- **DATASET SECTION**
= Beginning of Section =

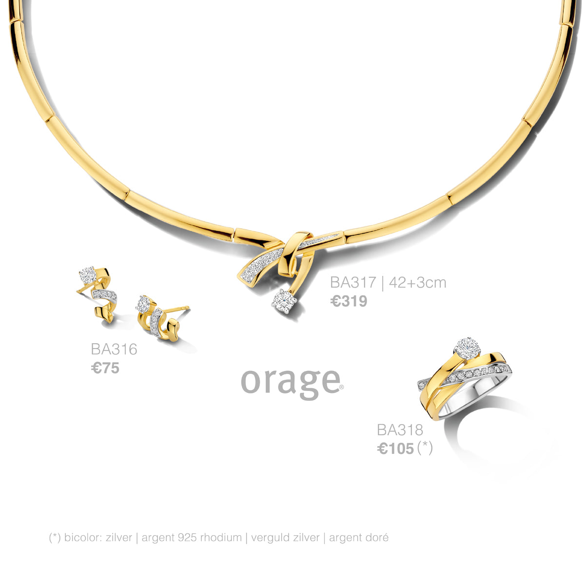 Collier parure en plaqué or et zirconiums de la marque belge Orage
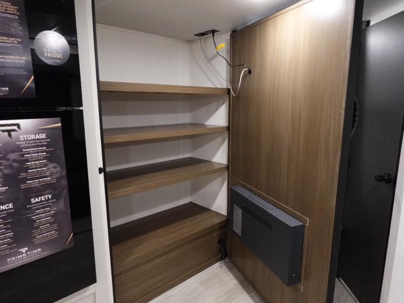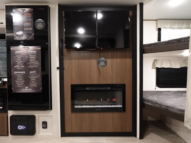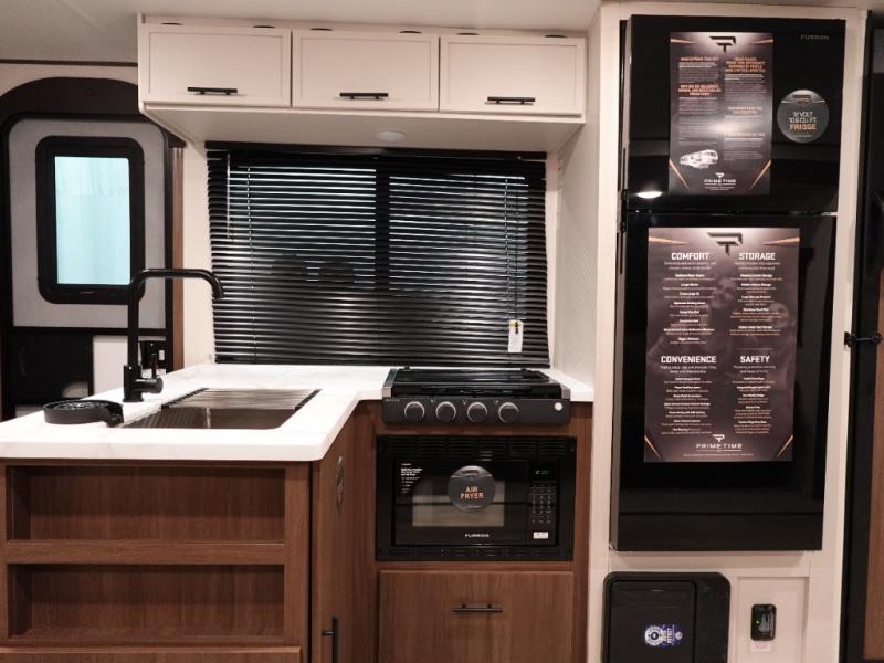 With any Avenger travel trailer by Prime Time RV, you will find innovation, a solid build, and comfort at every turn. Each model is built with Tuff Coat on the exterior metal, a fully enclosed underbelly, and a PVC roof membrane to help extend the life of your trailer. You will also find automotive name badging on the exterior, along with an exterior shower, front rail LED light strips, plus an XL padded entry grab handle to name a few conveniences. There are plenty of storage spaces inside, as well as Congoleum flooring and woven PVC marine grade slide out flooring, a designer shower surround, and seamless pressed countertops. You are sure to appreciate the onboard water filtration system, tankless water heater, plus 30K BTU furnace and 15K ducted A/C to help keep you comfortable.
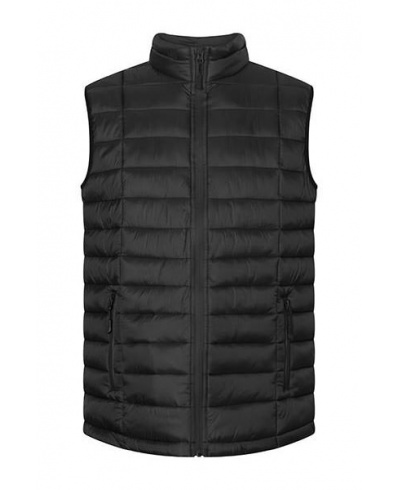 Die wattierte Weste verfügt über wasserdichte Reißverschlüsse, einen Stehkragen, einen Kinnschutz, eine Innentasche, einen durchgehenden Reißverschluss, zwei seitliche Reißverschlusstaschen, einen Kordelzug am Saum mit Reißverschluss innen und einen unsichtbaren Reißverschluss zum Abschluss. Die Weste besteht aus Nylon (Außen-/Innenmaterial) und Polyester (Wattierung). Die Weste hat einen modernen Schnitt.

= End of Section =

Transcribe all lines above exactly, skipping pictures.

 Collier parure en plaqué or et zirconiums de la marque belge Orage
 With any Avenger travel trailer by Prime Time RV, you will find innovation, a solid build, and comfort at every turn. Each model is built with Tuff Coat on the exterior metal, a fully enclosed underbelly, and a PVC roof membrane to help extend the life of your trailer. You will also find automotive name badging on the exterior, along with an exterior shower, front rail LED light strips, plus an XL padded entry grab handle to name a few conveniences. There are plenty of storage spaces inside, as well as Congoleum flooring and woven PVC marine grade slide out flooring, a designer shower surround, and seamless pressed countertops. You are sure to appreciate the onboard water filtration system, tankless water heater, plus 30K BTU furnace and 15K ducted A/C to help keep you comfortable.
 Die wattierte Weste verfügt über wasserdichte Reißverschlüsse, einen Stehkragen, einen Kinnschutz, eine Innentasche, einen durchgehenden Reißverschluss, zwei seitliche Reißverschlusstaschen, einen Kordelzug am Saum mit Reißverschluss innen und einen unsichtbaren Reißverschluss zum Abschluss. Die Weste besteht aus Nylon (Außen-/Innenmaterial) und Polyester (Wattierung). Die Weste hat einen modernen Schnitt.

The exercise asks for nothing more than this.